I talked to him about it last night, and this is what he said: “Don’t bother with that nonsense. When you brought me home from the SPCA, I was the happiest dog in the world. When I die please go back and rescue another dog who’s had a tough life and needs a good home. I know you know the angels put us together and there is another dog waiting in line to take my place.”
Ha! I hope Richard sees this. Perfect response.
Thank you, Joan and Shirley. Congratulations, Joan. I’ve watched as your book put on feathers and grew wings and now it’s taken flight. I look forward to reading it. A respectful bow to you for facing your personal darkness and finding a way into light.
After my father’s death when I was a child, my mother turned icy. He’d been sick for 12 years. She was only 44. There were no bereavement support groups then and she had few close friends. Her grief and the family grief went underground and was never expressed or discussed. I felt abandoned by her emotional and physical absence. Forty years after my father’s death, as she sank into dementia, her defenses softened and she began to talk about her grief and weep over her losses. We wept together. I’m grateful we made heart contact while she knew who I was. Even without a softening from your mother, you changed the family script.
Thank you Elaine. It was a softening like your mother’s that I yearned for. It took a while for me to get over the fact that it would never happen, but rather than spend the rest of my life living with bitterness, I decided to move on and become the person I wanted to be.
Elaine, no wonder you have become such an expert in the psychology and spirituality surrounding grief. You have lived through the negative impact of assimilated, unacknowledged grief. I’m not sure I knew, or remembered, that part of your own story. Thanks for sharing it here.
Joan, I continue to be in awe of your courage and resilience as I learn more of your life story. Knowing that there was a better way for you, believing that forgiveness is a gift we give ourselves, learning that there was a label that would help you understand — all have brought you here today. And I’m so glad to know you. Congratulations dear one. (and thank you, Shirley)

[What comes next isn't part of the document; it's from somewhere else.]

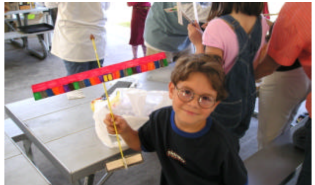
A proud student displays his final product

Thank you for this, Joan and Shirley. I am knee deep in writing my painful Memoir (at age 54) and dealing with much unresolved anger towards both parents I love your line ‘I decided to move on and become the person I wanted to be.’ I look forward to reading your story.
Thank you, Michelle. While I was writing my memoir the unresolved became resolved by my understanding that I couldn’t change my story or my parents. I had to let go of blame and accept what I had been given.
I hope your writing gets easier for you.
Hi Michelle, Joan and I both know how much work it is to write a memoir–even without a history of trauma. But Joan knows better than I what you are going through right now. One of the things Joan did was expand the frame of the narrative. That gave her control in writing that she didn’t often have in life when dealing with her mother.
Shirley, thank you so much for sharing your friend Joan’s story. Joan, you are liken to a Phoenix,you rise from the ashes. You now choose to rise each morning, taking great solace, comfort, peace. You have decided on how to start your day and to change the way you think about your day.
How does one define the quality of life at what ever age you are at? I think, as you said, is to learn along the way, to seek help and insight, and to face this day, and the days that lay ahead with curiosity and wonder.
I will be adding Joan’s book to my ‘must read’ list.
June, your poetic description of Joan’s choice to live each day positively shows me you are one of our kindred spirits. We are phoenixes who rise every day and start again to experience fully the gift of life.
June, You have made my day! I have a lot to live up to. On occasion rising to greet the day with taking “great solace, comfort, peace,” is difficult. But I try my best even when I’m feeling low to live each day positively, as if it were my last. Thank you so much for your kind words!